Its instruction set reflects that implementation detail and thus,
our tiny interpreter implementation will have to cater for this aspect too:
type Interpreter struct {
stack stack
}
type stack struct {
stk []int
}
Now, the interpreter has to actually run the code, iterating over each
instructions, pushing/popping values to/from the stack, according to
the current instruction.
That’s done in the Run(code Code)
method:
func (interp *Interpreter) Run(code Code) {
prog := code.Prog
for pc := 0; pc < len(prog); pc++ {
op := prog[pc].(Opcode)
switch op {
case OpLoadValue:
pc++
val := code.Numbers[prog[pc].(int)]
interp.stack.push(val)
case OpAdd:
lhs := interp.stack.pop()
rhs := interp.stack.pop()
sum := lhs + rhs
interp.stack.push(sum)
case OpPrint:
val := interp.stack.pop()
fmt.Println(val)
}
}
}
And, yes, sure enough, running this:
func main() {
code := Code{
Prog: []Instruction{
OpLoadValue, 0, // load first number
OpLoadValue, 1, // load second number
OpAdd,
OpPrint,
},
Numbers: []int{7, 5},
}
var interp Interpreter
interp.Run(code)
}
outputs:
$> go run ./cmd/tiny-interpreter/main.go
12
The full code is here: github.com/sbinet/pygo/cmd/tiny-interp.
Variables
The AOSA
article sharply notices that, even though this tiny-interp
interpreter
is quite limited, its overall architecture and modus operandi are quite comparable
to how the real python
interpreter works.
Save for variables.
tiny-interp
doesn’t do variables.
Let’s fix that.
Consider this code fragment:
a = 1
b = 2
print(a+b)
tiny-interp
needs to be modified so that:
- values can be associated to names (variables), and
- new
Opcodes
need to be added to describe these associations.
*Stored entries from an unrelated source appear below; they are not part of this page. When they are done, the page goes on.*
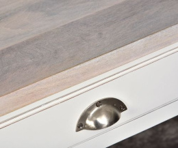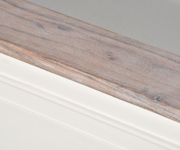 Kolekcja Bristol White zabierze Cię w podróż do słonecznej Prowansji lub do nadmorskiego Hampton. Te przepiękne bielone meble, to rozwiązanie dla osób, które cenią sobie jakość, dobry design i funkcjonalność. Meble z tej kolekcji wykonane są z połączenia litego drewna i wysokiej jakości płyty mdf. Większość modeli pomalowana została na nieśmiertelny odcień antycznej bieli, którą zestawiono z naturalnym drewnem. Meble o klasycznym, ponadczasowym kształcie, urozmaicone stylowymi detalami. Rustykalne uchwyty, ażurowe fronty stylizowane na shuttersy, ozdobne gzymsy i przetarcia w stylu retro, to elementy charakterystyczne dla tej wyjątkowej serii. W ofercie naszego sklepu znajdziesz: bielone komody z szufladami, prowansalską wyspę kuchenną, białe łóżko drewniane, wysoki regał ze schowkiem, stylowy, przeszklony kredens, czy romantyczną, bieloną witrynę na szkło. Ogromny wybór przepięknych mebli dostępnych w tej kolekcji pozwoli Ci zaaranżować wnętrze na miarę dobrego katalogu.
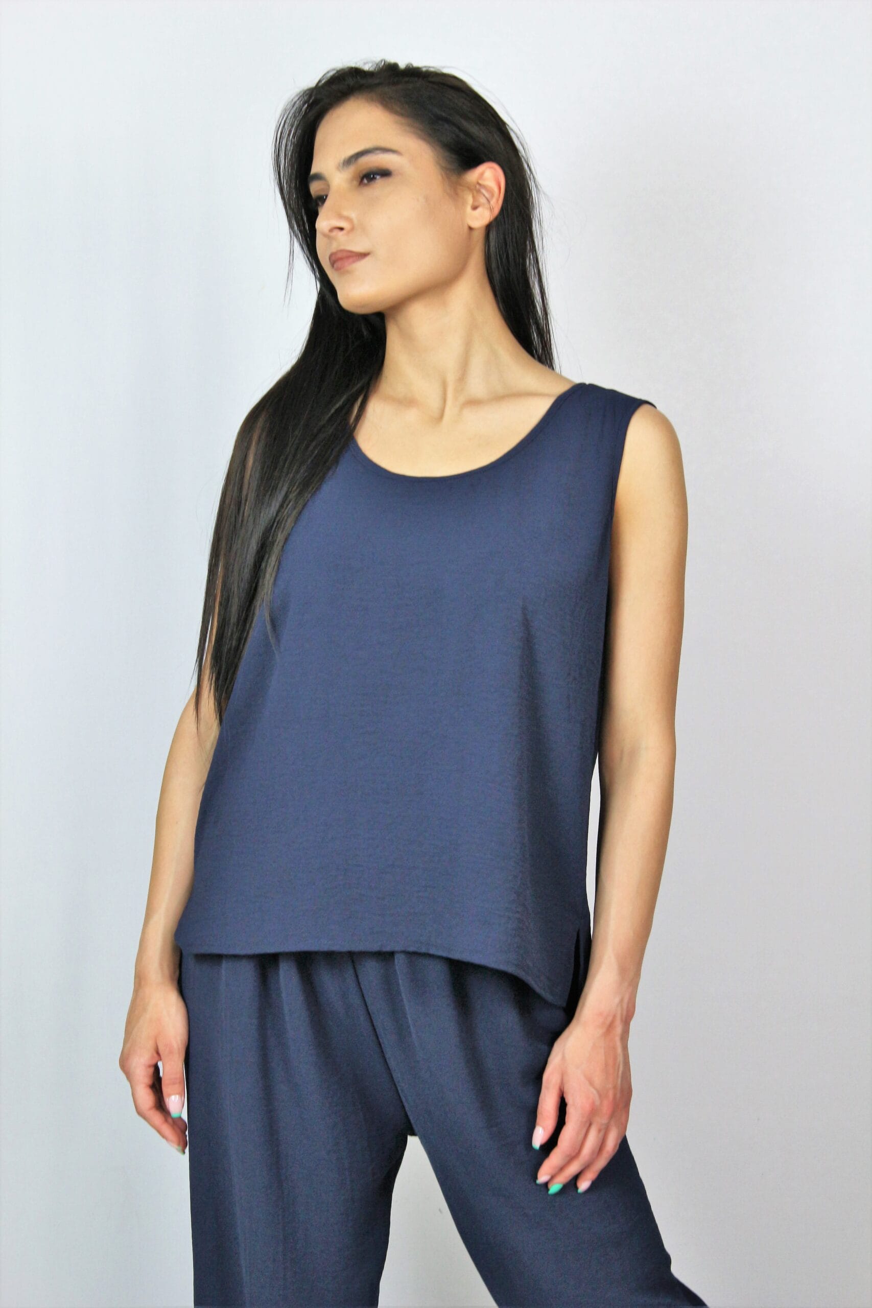 Асиметричен потник с обло деколте , широки презрамки.и цепки отстрани.
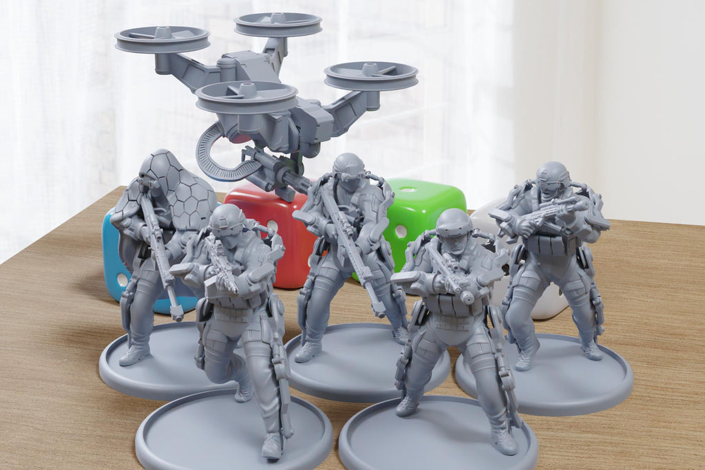 Contient 5 figurines miniatures et 5 socles (25 mm) ainsi qu'un grand drone.
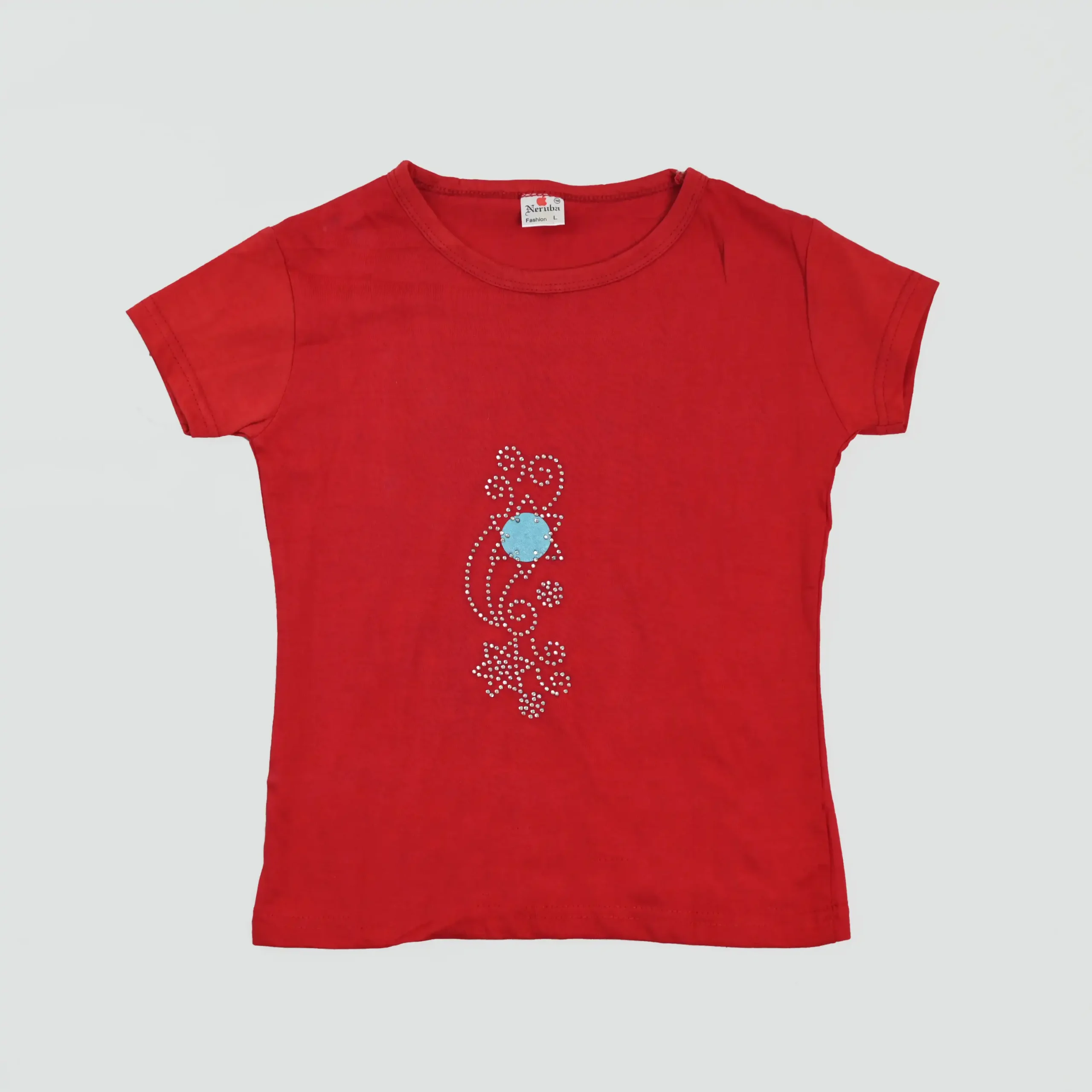 This vibrant red t-shirt is a burst of summery cheer! It features a captivating floral design in the center, adorned with sparkling rhinestone detailing that adds a touch of magic. The design is framed by delicate swirls and vines, creating a playful and eye-catching look. The short sleeves and crew neck make it comfortable and easy to wear, perfect for everyday adventures.
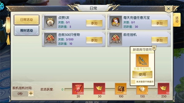 完成日常副本里的打怪、挂机任务后,还能获取专属充值卡与绑定元宝。
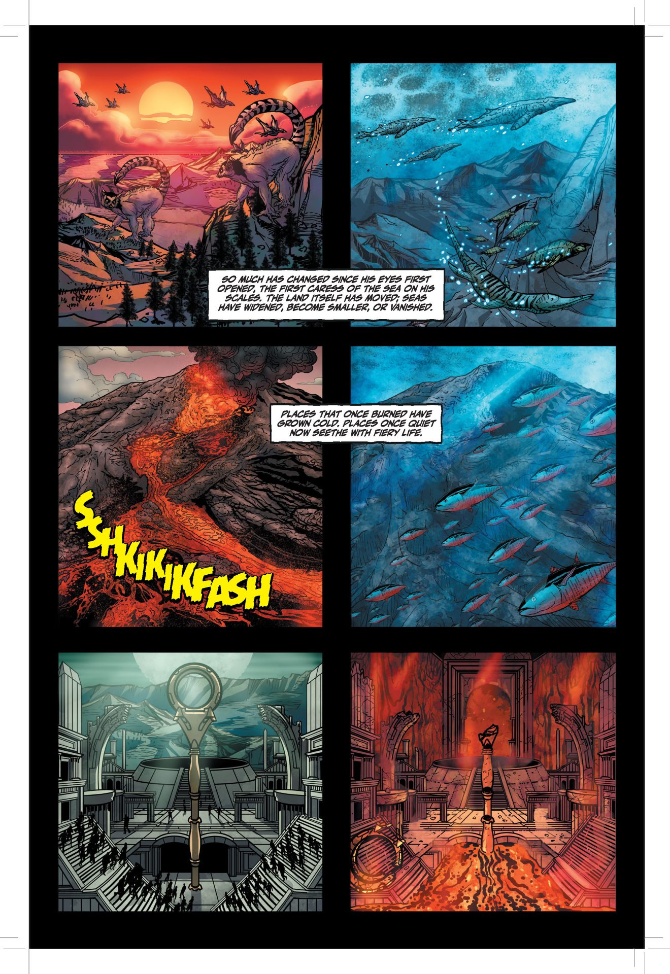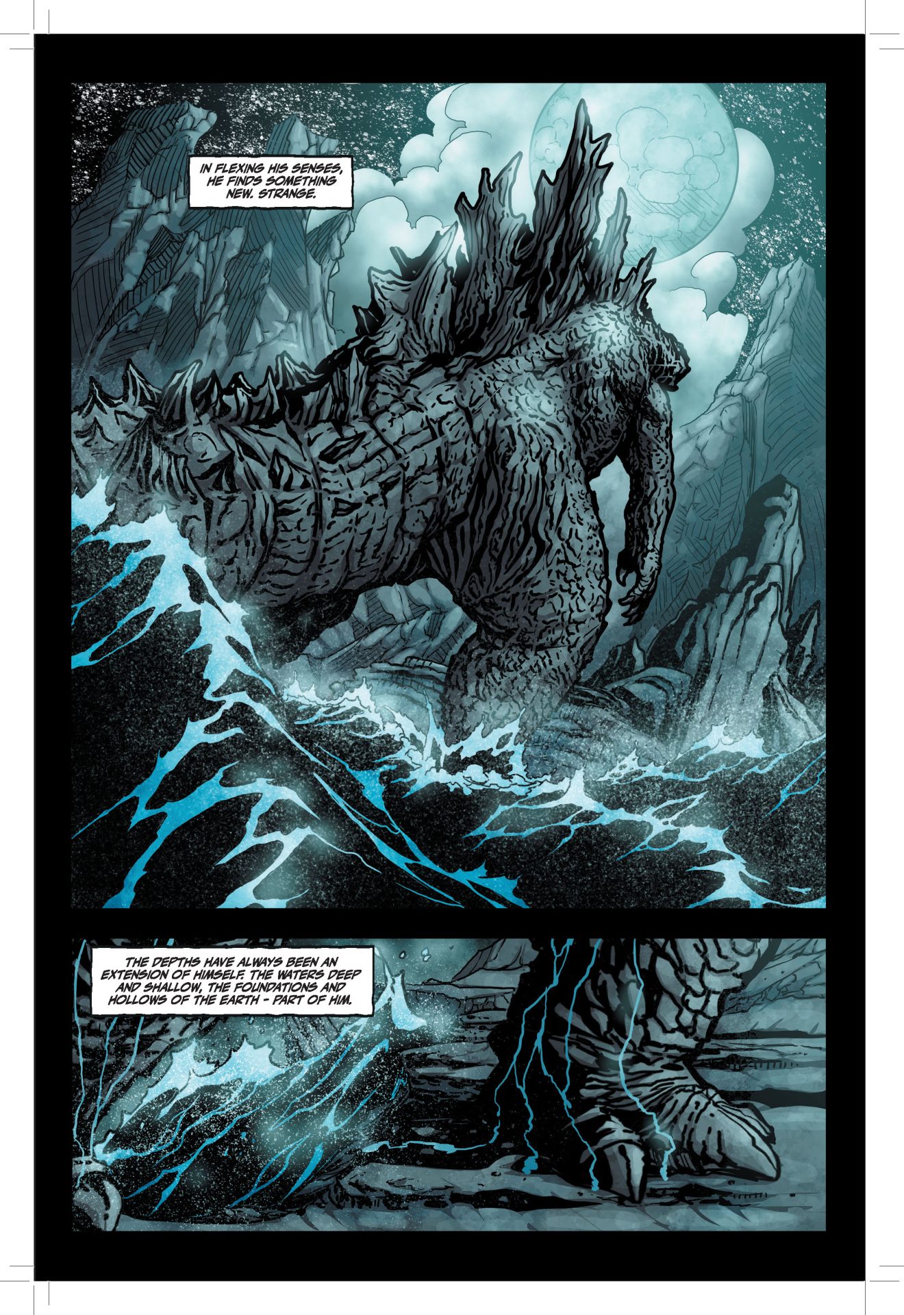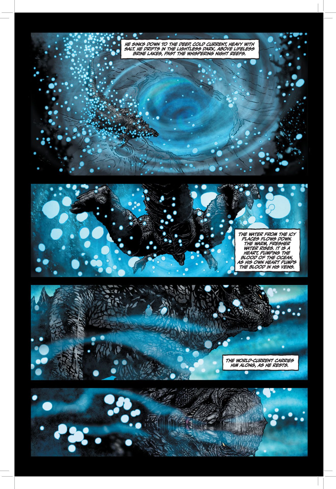 Artist Drew Edward Johnson draws Godzilla with a great sense of scale and scope, though I wish the depth of the ocean was communicated a little better. It always bugs me to see Godzilla swimming while completely immersed in water one minute and then suddenly standing in that same water moments later. Godzilla is expertly drawn, especially when he’s the only character in a panel. There are many full-page splashes and two-page spreads that truly showcase Godzilla’s elegant ferocity. Unfortunately, in many of the action scenes it is very hard to tell what is going on. Godzilla’s opponents and their actions become unclear, making it hard to follow the fight sequences. Unexpected changes in perspective between connected panels further confuse the imagery.
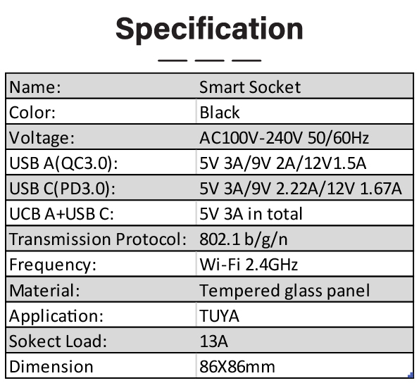 USB A(QC3.0): 5V 3A/9V 2A/12V1.5A
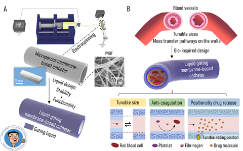 海洋之神8590cn官网侯旭教授课题组设计开发了一种液体门控医用导管,相关工作以“Bioinspired liquid gating membrane-based catheter with anticoagulation and positionally drug release properties”为题发表在Science Advances 2020, 6 : eabb4700。
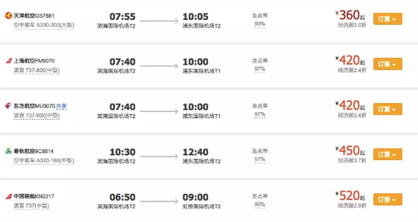 我们搜索了一下天津-上海的机票,在票价上是有一定优势的,不过下图中的票价是没有免费托运行李额的,加上行李额度的票价也是¥420。
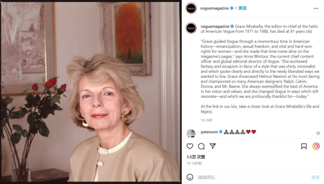 2021年12月23日,于1971年至1988年担任美国版《Vogue》主编的 Grace Mirabella 去世,享年91岁。

Under these new considerations, the above code fragment would be compiled down to the following program:
func main() {
code := Code{
Prog: []Instruction{
OpLoadValue, 0,
OpStoreName, 0,
OpLoadValue, 1,
OpStoreName, 1,
OpLoadName, 0,
OpLoadName, 1,
OpAdd,
OpPrint,
},
Numbers: []int{1, 2},
Names: []string{"a", "b"},
}
interp := New()
interp.Run(code)
}
The new opcodes OpStoreName
and OpLoadName
respectively store the current
value on the stack with some variable name (the index into the Names
slice) and
load the value (push it on the stack) associated with the current variable.
The Interpreter
now looks like:
type Interpreter struct {
stack stack
env map[string]int
}
where env
is the association of variable names with their current value.
The Run
method is then modified to handle OpLoadName
and OpStoreName
:
func (interp *Interpreter) Run(code Code) {
@@ -63,6 +79,16 @@ func (interp *Interpreter) Run(code Code) {
case OpPrint:
val := interp.stack.pop()
fmt.Println(val)
+ case OpLoadName:
+ pc++
+ name := code.Names[prog[pc].(int)]
+ val := interp.env[name]
+ interp.stack.push(val)
+ case OpStoreName:
+ pc++
+ name := code.Names[prog[pc].(int)]
+ val := interp.stack.pop()
+ interp.env[name] = val
}
}
}
At this point, tiny-interp
correctly handles variables:
$> tiny-interp
3
which is indeed the expected result.
The complete code is here: github.com/sbinet/pygo/cmd/tiny-interp
Control flow && function calls
tiny-interp
is already quite great.
I think.
But there is at least one glaring defect.
Consider:
def cond():
x = 3
if x < 5:
return "yes"
else:
return "no"
tiny-interp
doesn’t handle conditionals.
It’s also completely ignorant about loops and can’t actually call
(nor define) functions.
In a nutshell, there is no control flow in tiny-interp
.
Yet.
To properly implement function calls, though, tiny-interp
will need
to grow a new concept: activation records, also known as Frames
.
Stay tuned…
Update: correctly associate Frames
with function calls. Thanks to /u/munificent.